Ко всем своим недостаткам Дэн любит готовить. И делает это весьма и весьма неплохо, классно, что греха таить. Так классно, что хочется проглотить вместе с тарелкой. Готовит он тоже в трусах, как вы догадались. Часами торчит на кухне, напевая что-то себе под нос. Я крадусь к холодильнику на цыпочках, едва дыша. Хотелось бы, конечно, написать, как пантера перед прыжком, но, думаю, больше подойдет как свинья к кормушке. Кажется, он на меня смотрит, заметил-таки, сволочь. Я резко оборачиваюсь. Все так же поет, сосредоточенно нарезая что-то на доске. Продолжаю приближаться к заветной цели: хромированному монстру, под завязку забитому наркотиком – ЕДОЙ! Один шажок, второй. Он хрюкнул. Как он посмел? Разворачиваюсь на пятках, опять показалось?! Не может быть! Ору, ору в голос, падаю на пол и продолжаю орать.
– Ты в порядке? – надо мной склонились светлые, почти белые кудри.
Господи, лучше бы он меня ударил, наорал в ответ, залепил пощечину. Но вот это его: «Ты в порядке?» – просто выбивает из колеи, пробирает до печенок, заставляет желудок сжаться в комок, к горлу подкатывает тошнота, я опрометью мчусь в туалет. Никакой еды, ни сегодня, ни завтра, НИКОГДА! НИКОГДА! НИКОГДА!
Глава 2
10 сентября
Психологичка сказала записывать все, что происходит. Как будто я писатель, смешно, честное слово. У меня в школе по всем сочинениям были тройки, я слишком увлекалась. Помню, вместо «как я провела лето» накатала три страницы про облака во время полета в отпуск. Короче, в моем сочинении лето кончилось, так и не начавшись. Опомнилась я, когда прозвенел звонок. Конечно, мои «облака» не оценили, вернее, оценили на «два». Тема не раскрыта.
Опять меня понесло куда-то не туда. Психологичка сказала ответить на вопрос: «Когда, а главное, почему еда из средства утоления голода превратилась в наркотик?» Ха, почему? Как будто я знаю. Наверное, начать нужно с детства.
Вы наверняка думаете, что я с детства была кубышкой, ела все, что не приколочено,. Плевать мне что вы думаете, вынуждена вас разочаровать. Я росла обычным ребенком, ела плохо. Мама смотрела на меня с раздражением. Она уже тогда начинала строить свою строительную империю, и возня со мной в ее планы не входила.

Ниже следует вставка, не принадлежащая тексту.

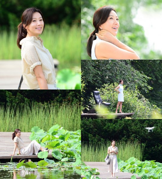 특히 대본에 ‘다시 태어난 기분으로 마음껏 자연을 만끽하며 둘러본다’라는 지문대로 김희애는 의자에서 일어나 숨을 크게 들이마시면서 미소지었다. 그러다 폭포 옆을 자연스럽게 걷던 그녀는 어느덧 나무바닥에 앉은 뒤 연꽃을 만지면서 행복해하는 연기를 했다.

Я ее бесила. Однажды она надела мне на голову миску с борщом: «Чтобы не капризничала». Борщ смыли, обида осталась. В садике я постоянно болела, два раза лежала в больнице: один раз с воспалением легких (не помню), второй раз с дизентерией (помню). Маму в больницу не пускали, и я скорбно махала ей со второго этажа, потом долго ревела в палате, до ужаса хотелось домой. После дизентерии садик сменился няньками. Мама уже могла себе это позволить. Я капризничала еще больше, догадывалась, что никто теперь не посмеет надеть мне на голову миску.